Before I talk about some changes I'll be making to the "core" statblock, I want to request that if you have any gripes about monsters as presented in Dungeon World (and I suppose gripes in general), let me know! I've had people bring up a lack of art and story seeds/adventure hooks, and have been referred to Numenera and 13th Age for examples of what they want.

You can leave a comment here, email me, or hit me up on whatever social media thing you prefer.

Now, with that out of the way: changes. The two big deviations from the book (so far) are instinct and moves.

Instinct is for the most part garbage. I mean, check out the lich: it's "instinct" is to "un-live", whatever the fuck that means. It might as well say "do lich things". The dwarf's instinct is "to defend", which is a bit more defined than the lich but also nonsense: is that all every dwarf cares about? What about, for starters, looking for gold/gems, gaining honor, keeping the clan safe, gaining glory for his clan, crafting something that everyone will remember him by, and/or reclaiming an ancestral stronghold that was taken by a dragon?

Also, how does the dwarf's instinct cause problems for others?

I suppose I could just change the instinct to something actually relevant at a given point in time, which I'm sure would anger certain members of the Dungeon World community, but why bother? It's easier to just ignore instinct and let GMs do whatever with the monster. So, unless someone can make a case for it, it's going away.

Moves aren't as useless, but can still limit what you'd think monsters can do. Checking the ogre, its moves are destroy something, fly into a rage, and take something by force. When I think about an ogre fighting, I picture it just barreling through a mob of people, swatting a bunch of people aside, maybe picking someone up and throwing them, kicking someone out of its way, or even just smashing someone underfoot (or underclub).
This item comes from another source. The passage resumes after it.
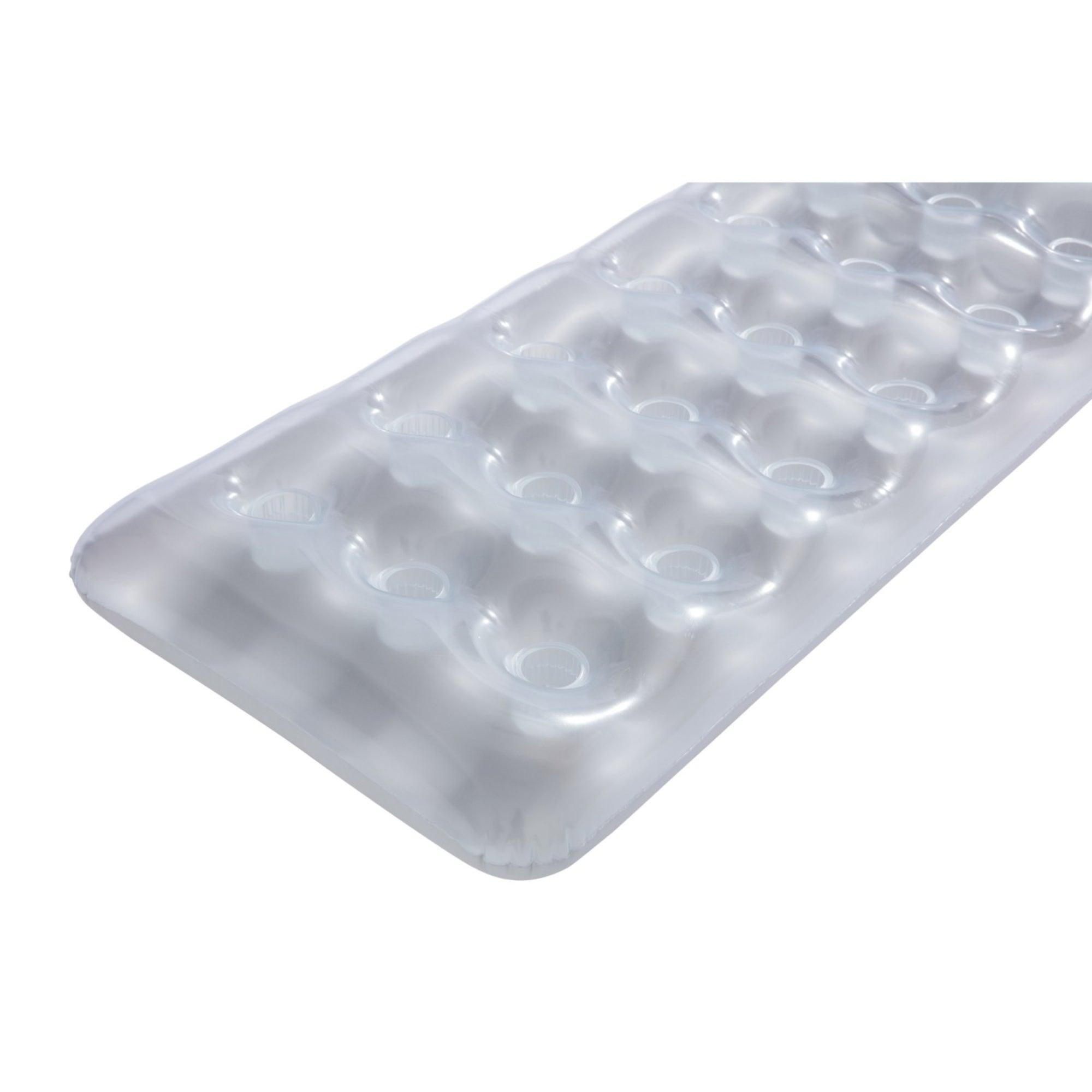 Unleash your inner mermaid with the H2OGO! 6’2″ x 28″ Metal Tech Lounge Inflatable Pool Float. Perfect for lounging in the pool, this float combines comfort and durability with a sleek, modern design. The transparent top and reflective metallic bottom not only add style but also enhance visibility in the water. With a built-in pillow and sturdy coil beam construction, it adjusts to your comfort needs, ensuring a relaxing time whether you’re sunbathing or just floating around.

Problem is none of the stuff I mentioned are moves.

I suppose I could just go with the "fiction", and let an ogre do all of those things I said because it makes sense, but then as with instinct why bother having a list of moves in the first place? So, rather than specify 1-4 moves that you might use, ignore, modify, and/or swap out, I'm just going to write a moves section that gives you an idea as to what a monster might do, and you the GM can use the examples, build on them, or just do whatever.

I'm also considering scrapping special qualities, because I feel like there's too much overlap with tags. Like, instead of saying "made of fire", I can just give it the blazing tag, and instead of saying "incoporeal", I can just give it the incorporeal tag. Things like "made of stone" or "inch-thick metal hide" can be highlighted in the description or moves section, and stuff like "shell" don't need to be there at all.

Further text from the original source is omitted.